How can you pray when you are frightened, angry, hurt or grieving? I wish I had a good answer for that. Today when my heart is clouded and I feel completely ineffective I am praying through the love of my friends. They are holding me up to God when I don’t have the strength to do so. I try to remember that my efforts and my virtues do not change the amount of love in the world, the amount of strength available for hard times. God is with us, bidden or unbidden, and God’s strength is available for the asking.

Sometimes I’m too proud to ask my friends to carry me when I’m weak, and sometimes my pride says that my problems are too insignificant to ask for help. But what I’m really saying is I don’t want to admit my neediness--I should be able to manage my own life. But can any of us really do that?

In my work I hear stories from patients every day about frustrations, disappointments and fears, and I tell every one of them that feeling off balance and out of control is normal after a heart attack or surgery. They are ashamed of their weakness and vulnerability but it is actually a good thing. People who admit having met the limits of their own resources can learn new ways of behaving, of coping, of healing, while those who insist on “toughing it out” and never being vulnerable have a lot more trouble recovering in the long run.

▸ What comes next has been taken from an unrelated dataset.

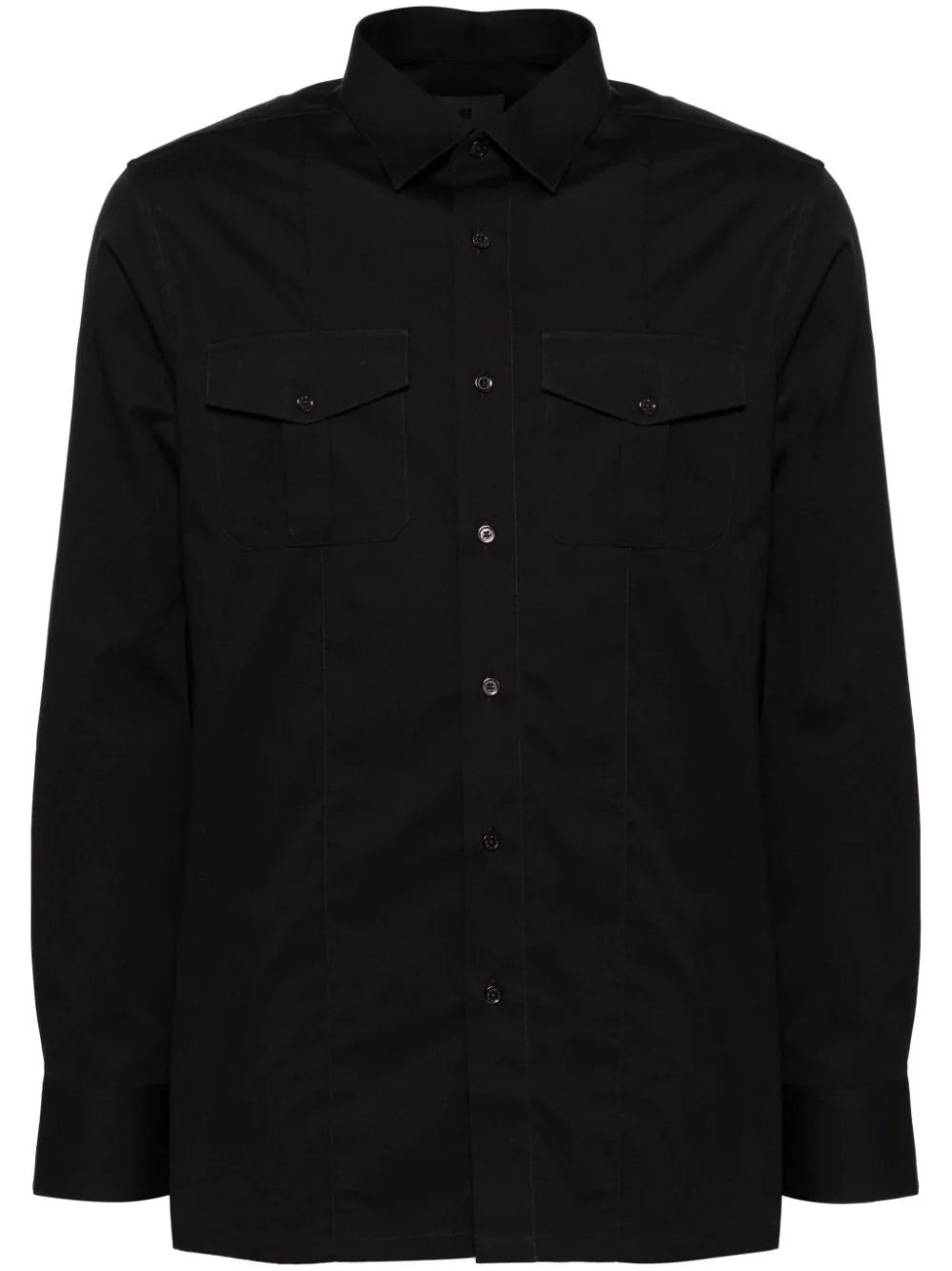 Indulge in effortless style with our midnight blue long-sleeved shirt. Made from a luxurious cotton blend, this shirt features a front button fastening, two button-fastening chest pockets, and buttoned cuffs for a sophisticated touch. Perfect for any occasion, it will elevate your wardrobe to the next level.

So when I don’t know how to fix the world around me, or how to help my grown children work out solutions to their dilemmas, or how to find a way through my own dilemmas, it is time for humility. To trust God to take care of what I can’t in ways I can’t even imagine. Sometimes God looks like a text from a far away friend sending an encouraging greeting. Sometimes God looks like the young driver giving a dollar to the beggar at the stoplight. Sometimes God looks like a walk around the neighborhood and smells like autumn leaves and sounds like a biting wind. Often God looks like the smile of a friend, a sympathetic hug, a glass of cool water.

We are not alone in this life; we are here with and for each other. Let us remember to be prayer “on the hoof” for those we love when they need us. Let us be humble enough to ask for help when we need it. The way through life is truly challenging and we need to be kind and gentle with ourselves and others.